> [Assignment]:
The answer must be every entry below, word for word, with the pictures left out.

> [Given records]:
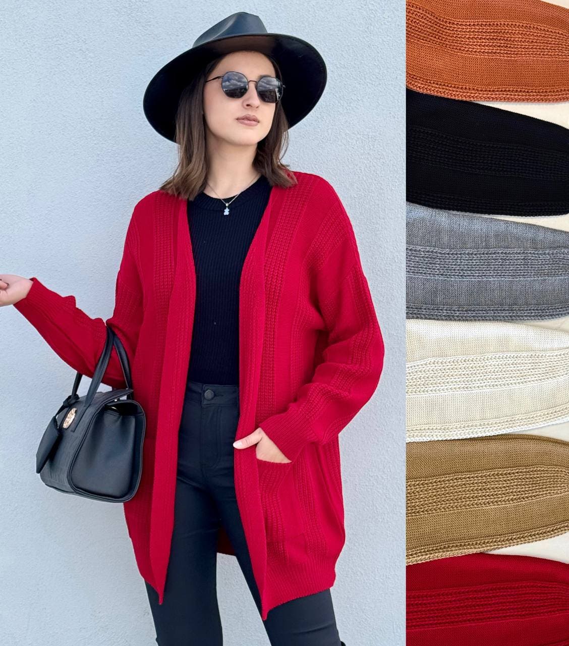 Ensamble de tejido bordado de linea con bolsa a los lados.
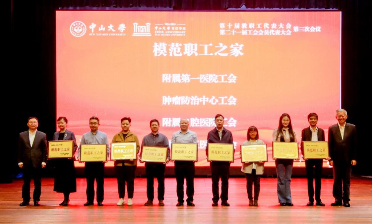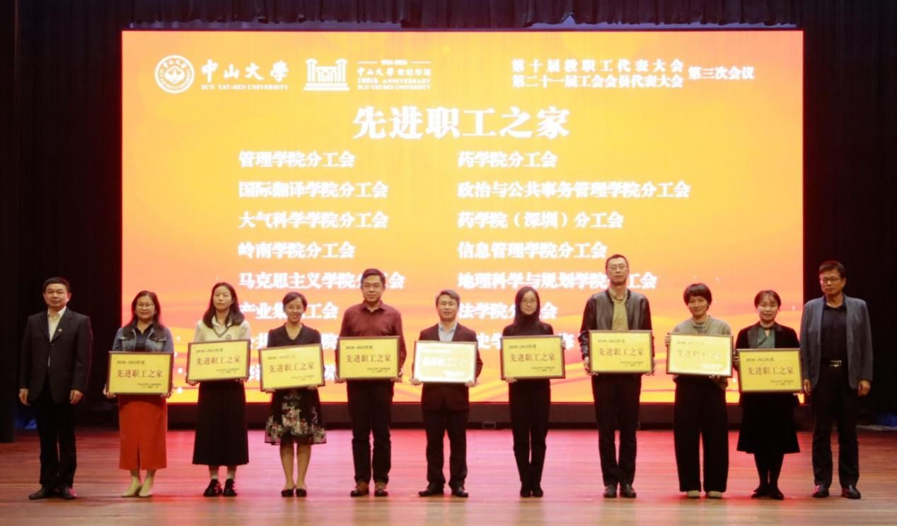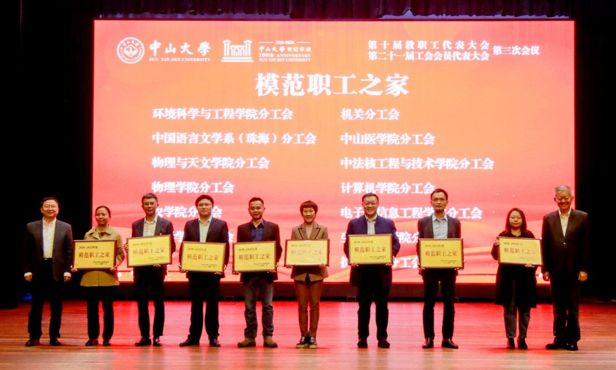 陈春声书记、高松校长为2020-2022年度“模范职工之家”颁发奖牌(党委宣传部 温林枫 摄)
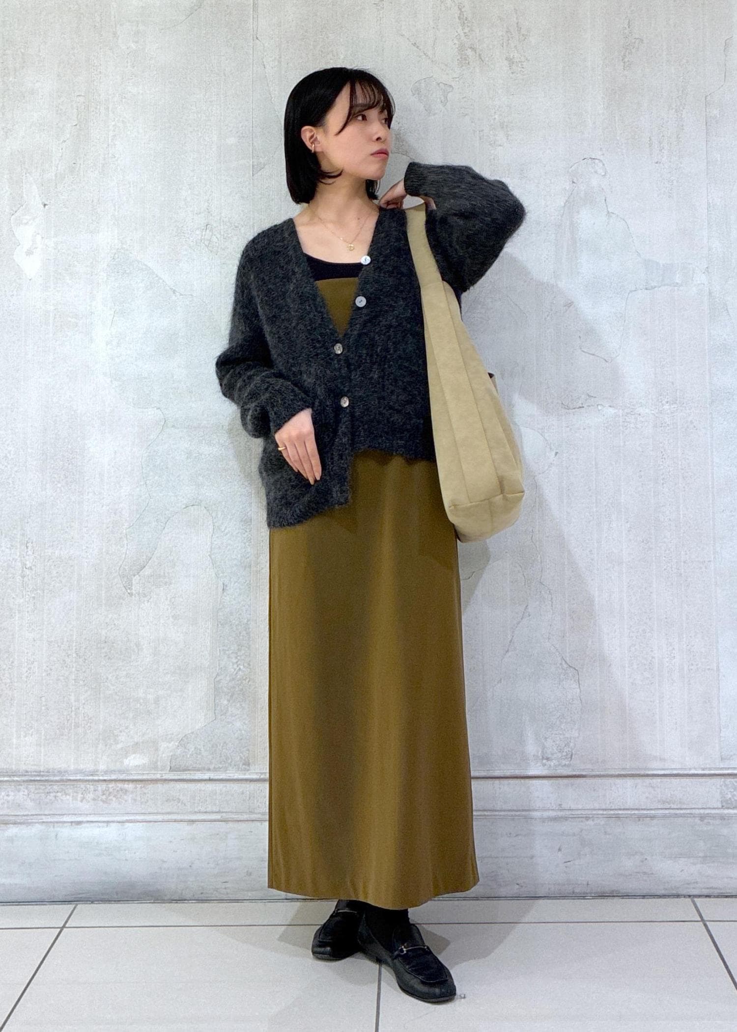 moi店舗でのみお取り扱いのある、別注サテンスカートが入荷して参りましたので、こちらを主役にスタイリングを組んでみました!
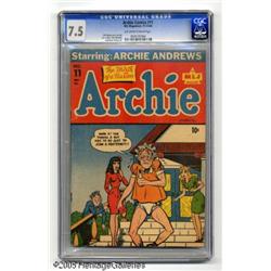 <B>Archie #11 (Archie, 1944) CGC VF- 7.5 Off-white to white pages.</B></I> Archie's smart enough to know that there's only one thing worse than being stared at by girls, and that's <I>not</B></I> being stared at by girls. The revoltin' development cover is by Bill Vigoda, who also drew most of the interior features. This is the highest-graded copy of this issue that CGC has certified to date. Overstreet 2004 VF 8.0 value = $388. CGC census 12/04: 1 in 7.5, none higher.
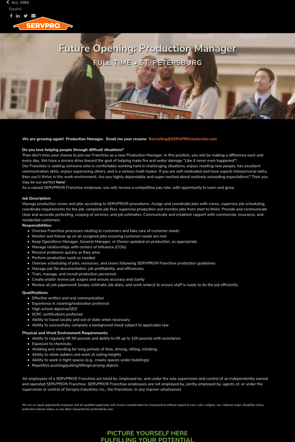 We are growing again! Production Manager. Email me your resume Recruiting@SERVPROclarksville.com
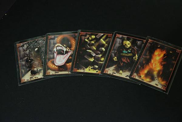 *遊戲中的災難卡,若重複翻出2或3次,該回合即結束。
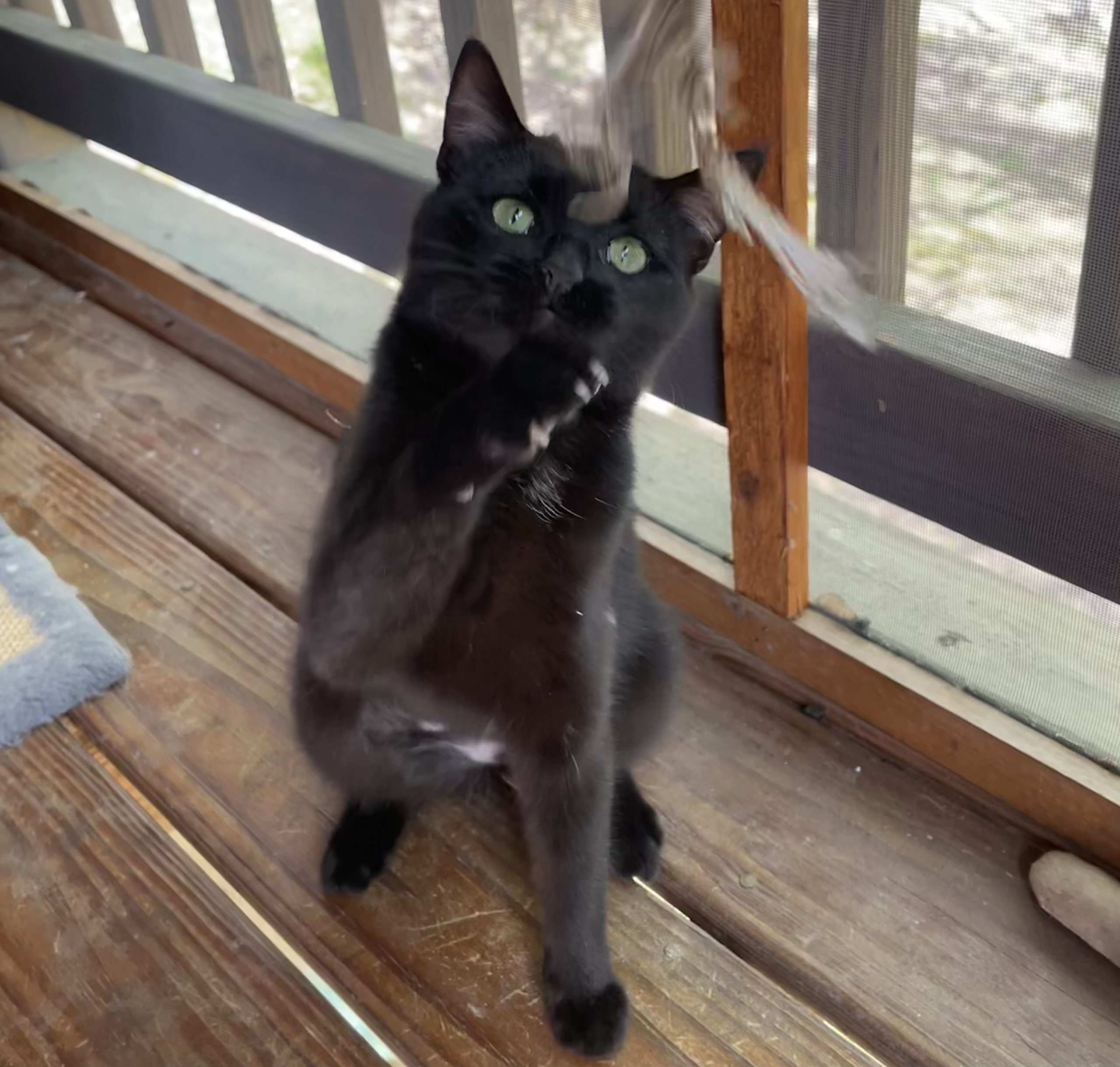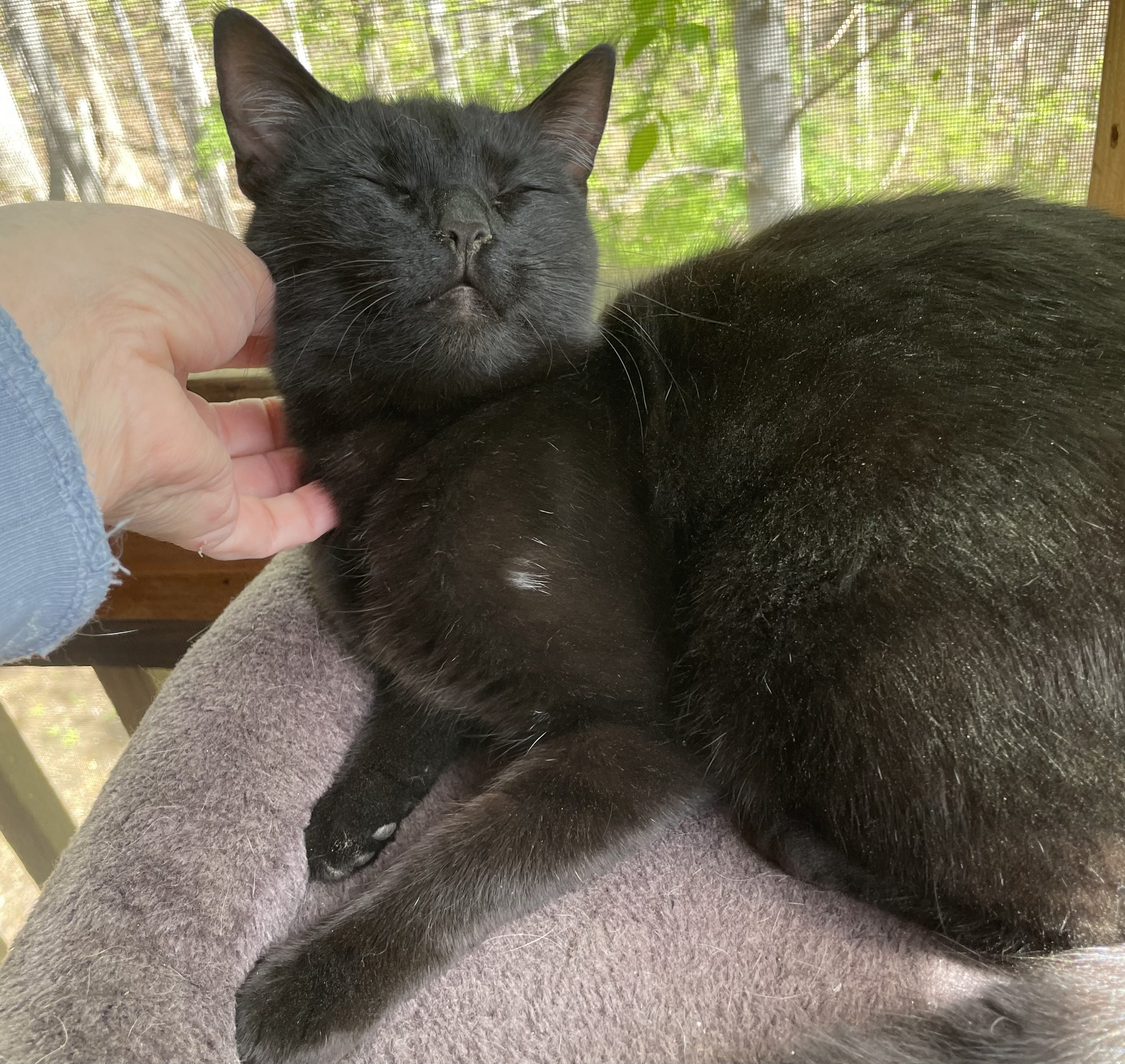 Willowbee was rescued from a local trailer park during a TNR mission alongside her friend, Scarlet. Known for charming residents for scraps, this sweet girl has left her scavenging days behind for a life of play.

> [Written response]:
 Ensamble de tejido bordado de linea con bolsa a los lados.
 陈春声书记、高松校长为2020-2022年度“模范职工之家”颁发奖牌(党委宣传部 温林枫 摄)
 moi店舗でのみお取り扱いのある、別注サテンスカートが入荷して参りましたので、こちらを主役にスタイリングを組んでみました!
 <B>Archie #11 (Archie, 1944) CGC VF- 7.5 Off-white to white pages.</B></I> Archie's smart enough to know that there's only one thing worse than being stared at by girls, and that's <I>not</B></I> being stared at by girls. The revoltin' development cover is by Bill Vigoda, who also drew most of the interior features. This is the highest-graded copy of this issue that CGC has certified to date. Overstreet 2004 VF 8.0 value = $388. CGC census 12/04: 1 in 7.5, none higher.
 We are growing again! Production Manager. Email me your resume Recruiting@SERVPROclarksville.com
 *遊戲中的災難卡,若重複翻出2或3次,該回合即結束。
 Willowbee was rescued from a local trailer park during a TNR mission alongside her friend, Scarlet. Known for charming residents for scraps, this sweet girl has left her scavenging days behind for a life of play.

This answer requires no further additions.